[Gasification] Re The Range fuels failure. Observations from a lon, long term skeptic

Iemdon at aol.com Iemdon at aol.com
Tue Jan 25 00:16:53 CST 2011


ON THE RANGE FUELS FAILURE (FIASCO)

This is my first ever post to the gasification group.   However the Range 
fuels failure was predictable, and is worth a response .  The Range fuels 
failure discussed on gasification listserv brings up the 40-year old question 
of whether cellulosic ethanol by any path can really work commercially. I 
have been working on this for (believe it or not) almost 40 years.
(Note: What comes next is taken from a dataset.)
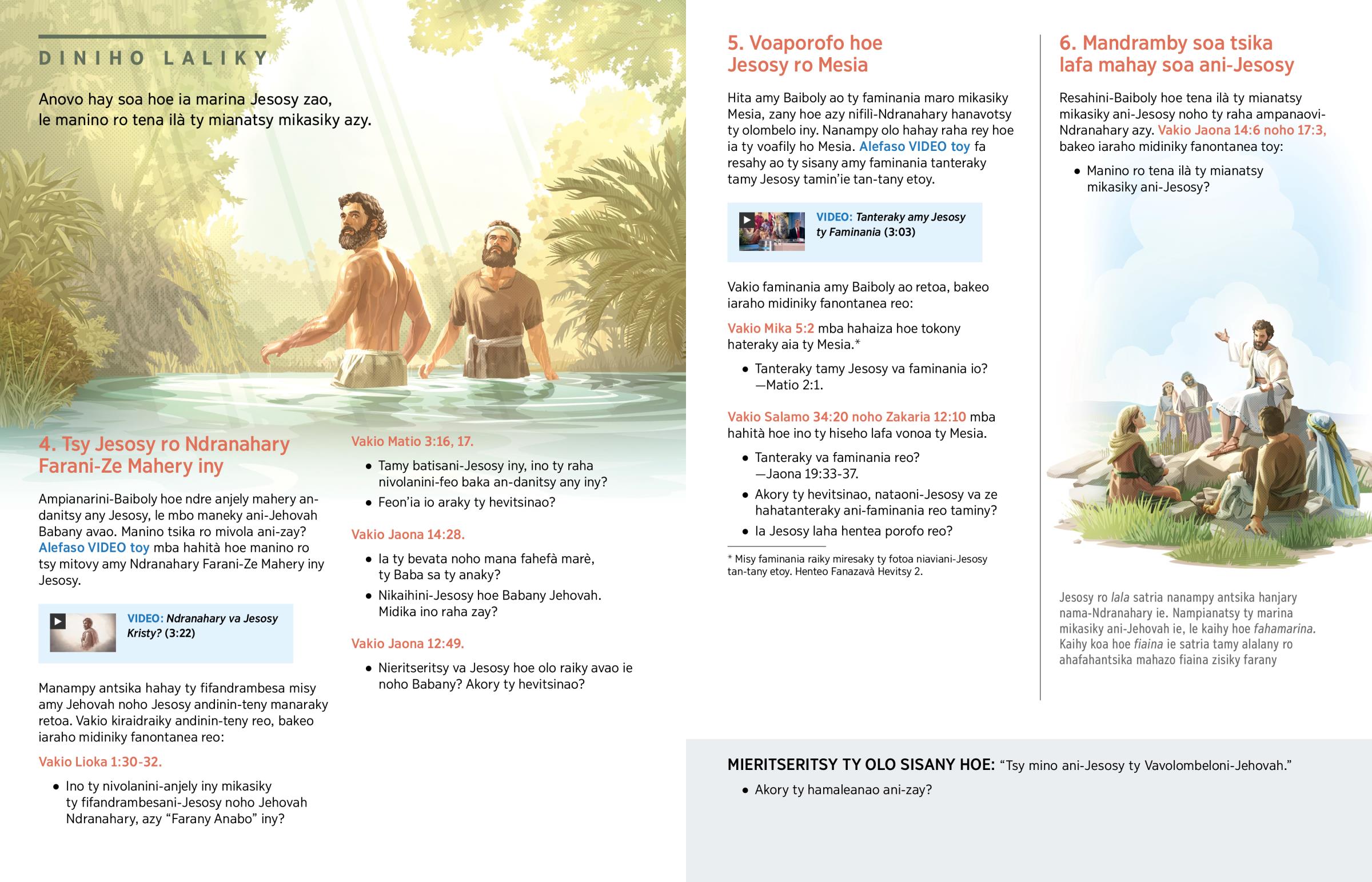Jesosy ro lala satria nanampy antsika hanjary nama-Ndranahary ie. Nampianatsy ty marina mikasiky ani-Jehovah ie, le kaihy hoe fahamarina. Kaihy koa hoe fiaina ie satria tamy alalany ro ahafahantsika mahazo fiaina zisiky farany

I have been mostly in biofuels --digestion recently.  Also looking 
(skeptically) at such things as cellulosic ethanol, algal biofuel, and in depth 
(more than possible to detail here) at small-scale gasification to produce clean 
motor fuel.  As an academic credential I have coursework and qualifiers and 
all but dissertation for a Ph. D from MIT (if you want to believe that sort 
of credential) .  I also have over 30 years' experience in fieldwork on 
biofuels, see for example World Bank site presentation at
 
http://siteresources.worldbank.org/INTUSWM/Resources/Angenstein_controlledlandfill.pdf 

AND 

I have looked at cellulosic ethanol in great depth, over the 30+ year time 
span as an employee of Exxon Research and Engineering, the Electric Power 
Research Institute and IEM.  (independently) 

SO

>From my original analysis along with coworkers' help. I and we see no way 
that cellulosic ethanol can be commercially feasible.  I attach a Power Point 
presentation we gave in Vancouver BC in 2006.  The presentation makes that  
case. I also append below a brief writeup by John Benemann on The Oil Drum 
which makes the same points.  Nothing has changed to the present.  The 
failure of Range fuels, and failure of dozens of other cellulosic ethanol 
projects to come to fruition would vindicate our conclusions. 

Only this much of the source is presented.